**Exercise goal**
Repeat the entries below in full, with every character unchanged.

[Stored dataset items]
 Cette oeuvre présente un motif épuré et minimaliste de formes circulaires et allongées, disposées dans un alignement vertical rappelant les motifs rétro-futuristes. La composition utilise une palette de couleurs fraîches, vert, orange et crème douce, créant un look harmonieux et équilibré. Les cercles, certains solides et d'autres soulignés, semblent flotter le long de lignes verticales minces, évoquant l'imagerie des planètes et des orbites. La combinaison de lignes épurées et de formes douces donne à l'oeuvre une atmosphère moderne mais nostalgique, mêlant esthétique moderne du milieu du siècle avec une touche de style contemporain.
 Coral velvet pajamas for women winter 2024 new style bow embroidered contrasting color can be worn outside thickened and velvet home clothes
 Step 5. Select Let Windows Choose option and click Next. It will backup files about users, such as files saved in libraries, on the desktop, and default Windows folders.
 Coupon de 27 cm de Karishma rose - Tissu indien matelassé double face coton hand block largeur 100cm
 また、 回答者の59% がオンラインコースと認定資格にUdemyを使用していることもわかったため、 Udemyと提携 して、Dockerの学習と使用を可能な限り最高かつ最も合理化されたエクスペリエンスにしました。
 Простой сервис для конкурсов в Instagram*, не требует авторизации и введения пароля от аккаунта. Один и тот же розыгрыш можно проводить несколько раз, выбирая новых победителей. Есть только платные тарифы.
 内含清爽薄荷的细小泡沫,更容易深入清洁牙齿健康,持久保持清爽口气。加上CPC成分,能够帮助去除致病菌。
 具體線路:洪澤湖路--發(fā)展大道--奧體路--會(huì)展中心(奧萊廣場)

**Written solution**
 Cette oeuvre présente un motif épuré et minimaliste de formes circulaires et allongées, disposées dans un alignement vertical rappelant les motifs rétro-futuristes. La composition utilise une palette de couleurs fraîches, vert, orange et crème douce, créant un look harmonieux et équilibré. Les cercles, certains solides et d'autres soulignés, semblent flotter le long de lignes verticales minces, évoquant l'imagerie des planètes et des orbites. La combinaison de lignes épurées et de formes douces donne à l'oeuvre une atmosphère moderne mais nostalgique, mêlant esthétique moderne du milieu du siècle avec une touche de style contemporain.
 Coral velvet pajamas for women winter 2024 new style bow embroidered contrasting color can be worn outside thickened and velvet home clothes
 Step 5. Select Let Windows Choose option and click Next. It will backup files about users, such as files saved in libraries, on the desktop, and default Windows folders.
 Coupon de 27 cm de Karishma rose - Tissu indien matelassé double face coton hand block largeur 100cm
 また、 回答者の59% がオンラインコースと認定資格にUdemyを使用していることもわかったため、 Udemyと提携 して、Dockerの学習と使用を可能な限り最高かつ最も合理化されたエクスペリエンスにしました。
 Простой сервис для конкурсов в Instagram*, не требует авторизации и введения пароля от аккаунта. Один и тот же розыгрыш можно проводить несколько раз, выбирая новых победителей. Есть только платные тарифы.
 内含清爽薄荷的细小泡沫,更容易深入清洁牙齿健康,持久保持清爽口气。加上CPC成分,能够帮助去除致病菌。
 具體線路:洪澤湖路--發(fā)展大道--奧體路--會(huì)展中心(奧萊廣場)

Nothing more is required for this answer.